When people need advice on matters of a most personal nature, they turn to Ask Eric Stuff, the occasional feature wherein Eric gets asked stuff and sometimes sort of answers the questions, indirectly.
All of these questions were actually asked by actual people. You can submit your own queries here. [link outdated] Please note that Eric cannot respond personally to each question, because a lot of them are really stupid.
Dear Eric: What should I do with my hair? — Indecisive
Dear Indie: Clean it out of the bathroom sink, for starters.
Dear Eric: Do you believe in love at first sight? — Hopelessly In Love
Dear Hopeless: It depends on how powerful the binoculars are, and whether the curtains are drawn.
Dear Eric: Is it a waste of time to play video games? My wife says I should turn them off and play with my newborn son. What do you think? — LacksvitaminD
Dear Lax: This cannot be a real question. A grown man who plays video games — and yet who claims to be married and even to have procreated? Please.
Dear Eric: Who would win in a fistfight between Super-Dell and the geeky Dell computer kid? — Don King Wannabe
Dear Wannabe: The Dell computer kid has more muscle mass than Super-Dell, as does your average kitten. However, Super-Dell has all the powers of the Dark Lord Satan. I’d call it a draw.
Dear Eric: How many lawyers does it take to screw in a lightbulb? — Curious Carl
Dear Curi: It only takes one lawyer to screw anything.
Dear Eric: Every time I try to give my girlfriend a kiss she pulls away at the last second. Is there something wrong with me? — Dumbfounded in Denver
Dear Dumb: Yes. You keep calling this woman your “girlfriend” when she clearly wants nothing to do with you.
Dear Eric: What’s the difference between Coke and Pepsi? — Cola Lover
Dear Bubbles: “Coke” is short for “cocaine,” which is a highly addictive chemical substance. “Pepsi” is short for “Coca-Cola,” which is a highly addictive chemical substance.
Dear Eric: What do you think of Orson Scott Card’s comment in one of his columns that you are the “funniest humor writer in America?” — Online Reader of Meaningless Columns
Dear Misquoter: Actually, he said I’m the “funniest Mormon writer,” and while “humor” and “Mormon” are similar, they are not exactly synonyms. At any rate, to answer your question, I’m flattered. I thought Card’s “Ender’s Game” was really funny, too.

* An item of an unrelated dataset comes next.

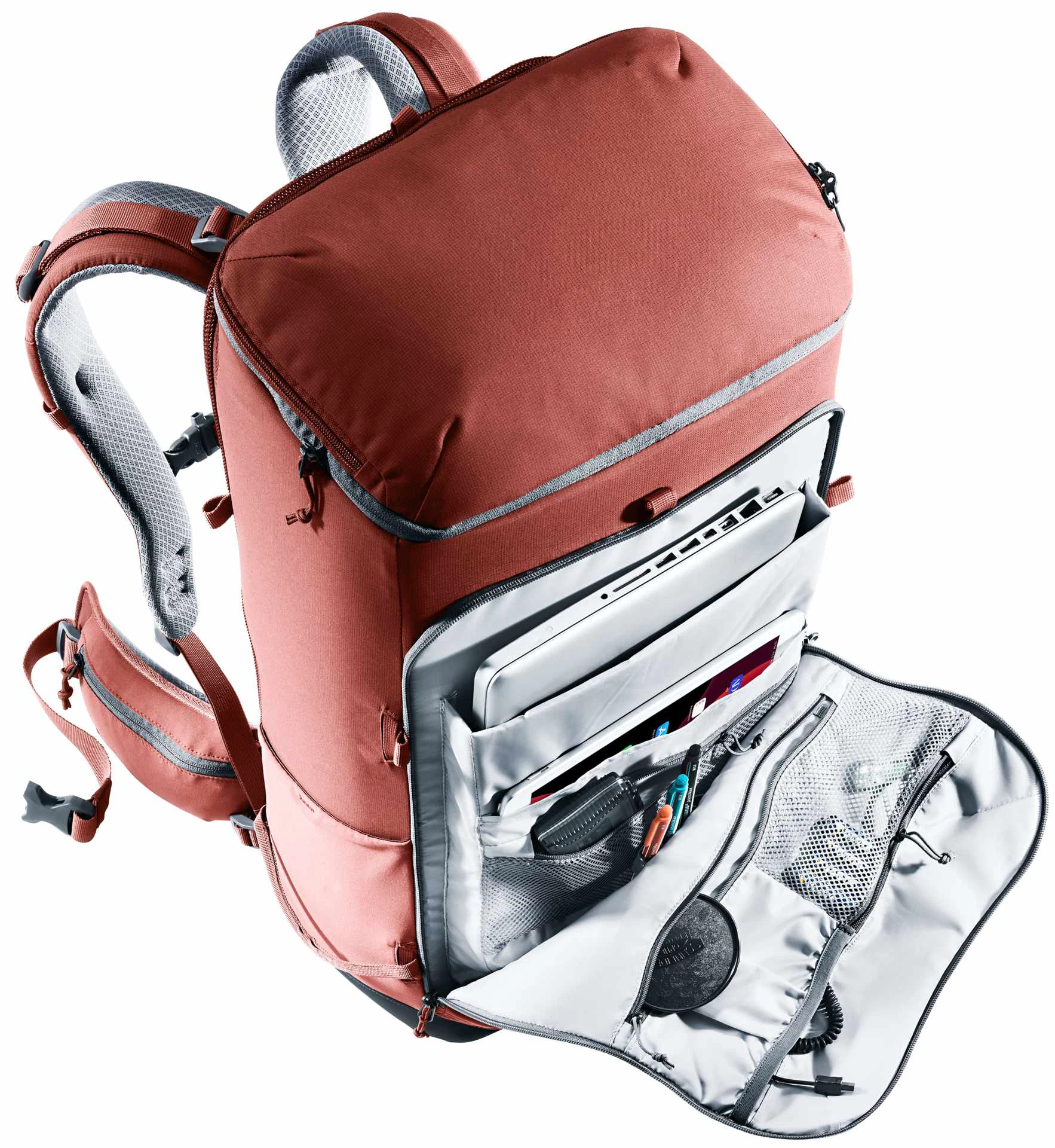 Der Rucksack ist frei von polyfluorierten Chemikalien. Deuter gibt an, dadurch die Verwendung von umweltschädlichen Substanzen, die Umwelt und Gesundheit belasten, zu reduzieren. Stattdessen verwendet deuter nun gesundheitlich unbedenkliche und umweltverträgliche DWR (Durable Water Repellency) Imprägnierung. Zudem ist das Garn des Hauptmaterials zu 100% aus recyceltem Material gefertigt.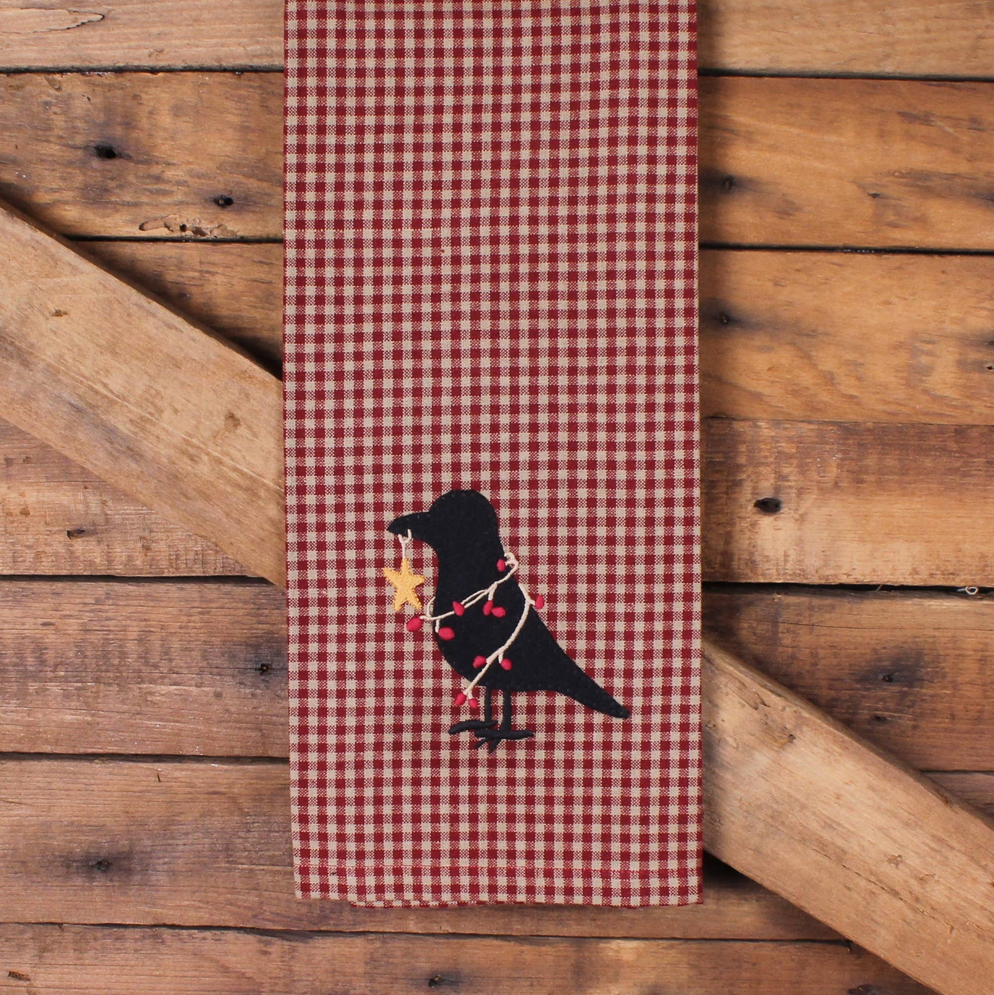 - Features Newbury Gingham Barn Red towel with applique and embroidered crow design

Dear Eric: Do people think you’re funny in real life? Or do they just feel sorry for you and give you that curtesy smile? — Holding my breath till you answer
Dear Breathless: It’s more courtesy than curtesy, but yes, there’s a condescending smile involved. As for feeling sorry for me, if I can’t have people’s respect, I have no problem taking their pity. (Or their money.)
Dear Eric: If dogs sweat through their tongues, what are their armpits for? — Hot Dog
Dear Hotty: Same as humans’ armpits: for making comical flatulence noises.
Dear Eric: Why do people at work who have less experience and appear to be far less qualified than the rest of us seem to get promoted faster than everyone else? — Busy Beaver
Dear Beavie: I can’t really relate, because no one I work with has less experience or is less qualified than I am. But if what you say is true, then I must be due for a promotion. Do they usually get raises, too? Because I could really use one.
Dear Eric: Why do guys make girls cry so much? — Teary in Texas
Dear Tex: Because it’s easy.
These columns are a fair amount of work to write -- easier than some, harder than others -- but the end result is usually that I have nothing to say in the commentary. Sorry.
I will mention, though, that it was at Mr. Scott Card's Web site -- www.hatrack.com -- that he said the thing about me being funny. And that "Ender's Game" isn't actually funny, but "Saints" kind of is, but mostly not.
It was pointed out to me by 1,000,000 different readers (including Mr. Scott Card himself) that he did, in fact, call me the "funniest humor writer in America." It was in one of his columns, here. However, on the front page of his site -- which is where I was looking -- he only said "funniest Mormon writer." I am even more flattered that the qualification "Mormon" was not included in his original praise, since there aren't that many funny Mormons anyway.